As well as downloading the pages, it also rewrites them to use a local
URL where URLs that would otherwise not work on the local system are
used in the page (eg URLs that begin with http:// or the begin with a
/).
It stores the downloaded files in a directory structure that mirrors
the original site's, under a directory called server.domain.com:port.
This way, multiple sites can all be loaded into the same directory
structure, and if they link to each other, they can be rewritten to
link to the local, rather than remote, versions.
Comprehensive URL selection facilities allow you to describe what docu‐
ments you want to download, so that you don't end up downloading much
more than you need.
WebCrawl is written in ANSI C, and should work on any POSIX system.
With minor modifications, it should be possible to make it work on any
operating system that supports TCP/IP sockets. It has been tested only
on Linux.
OPTIONS
URL selection
-a This causes the program to ask the user whether to download a
page that it hasn't been otherwise instructed to (by default,
this means off-site pages)
-f string
This causes the program to always follow links to URLs that
contain the string.

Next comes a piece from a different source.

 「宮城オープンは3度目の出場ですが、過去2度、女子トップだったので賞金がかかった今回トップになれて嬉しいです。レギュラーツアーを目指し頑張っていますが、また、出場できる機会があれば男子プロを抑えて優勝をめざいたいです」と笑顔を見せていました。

You can use this, for example, to prevent a
crawl from going up beyond a single directory on a site (in
conjunction with the -x option below); say you wanted to get
http://www.web-sites.co.uk/jules but not any other site located
on the same server. You could use the command line:
webcrawl-x -f /jules www.web-sites.co.uk/jules/ mirror
Another use would be if a site contained links to (eg) pic‐
tures, videos or sound clips on a remote server, you could use
the following command line to get them:
webcrawl-f .jpg -f .gif -f .mpg -f .wav -f .au www.site.com/
mirror
Note that webcrawl always downloads inline images.
-d string
The opposite of -f, this option tells webcrawl never to get a
URL containing the string. -d takes priority over all other
URL selection options (except that it won't stop it from down‐
loading inline images, which are always downloaded).
-u filename
Causes webcrawl to log unfollowed links to the file filename.

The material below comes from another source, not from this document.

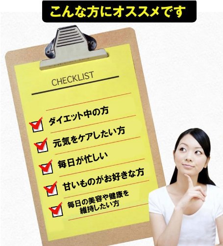 ●ダイエット中の方、元気をケアしたい方、毎日が忙しい、甘いものが好きな方、美容や健康を維持したい方へオススメのサプリです。

-x Causes webcrawl not to automatically follow links to pages on
the same server. This is useful in conjuction with the -f
option to specify a subsection of an entire site to download.

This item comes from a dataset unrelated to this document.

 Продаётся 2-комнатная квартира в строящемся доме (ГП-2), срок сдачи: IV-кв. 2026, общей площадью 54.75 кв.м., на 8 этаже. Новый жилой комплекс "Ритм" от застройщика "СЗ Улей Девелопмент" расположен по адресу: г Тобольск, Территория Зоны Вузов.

-X Causes webcrawl not to automatically download inline images
(which it would otherwise do even when other options did not
indicate that the image should be loaded). This is useful in
conjunction with the -f option to specify a subsection of an
entire site to download, when even the images concerned need
careful selection.
Page re-writing:
-n Turns off page rewriting completely.
-rx Select which URLs to rewrite. Only URLs that begin with / or
http: are considered for rewriting, all others are always left
unchanged. This options selects which of these URLs are
rewritten to point to local files, depending on the value of x.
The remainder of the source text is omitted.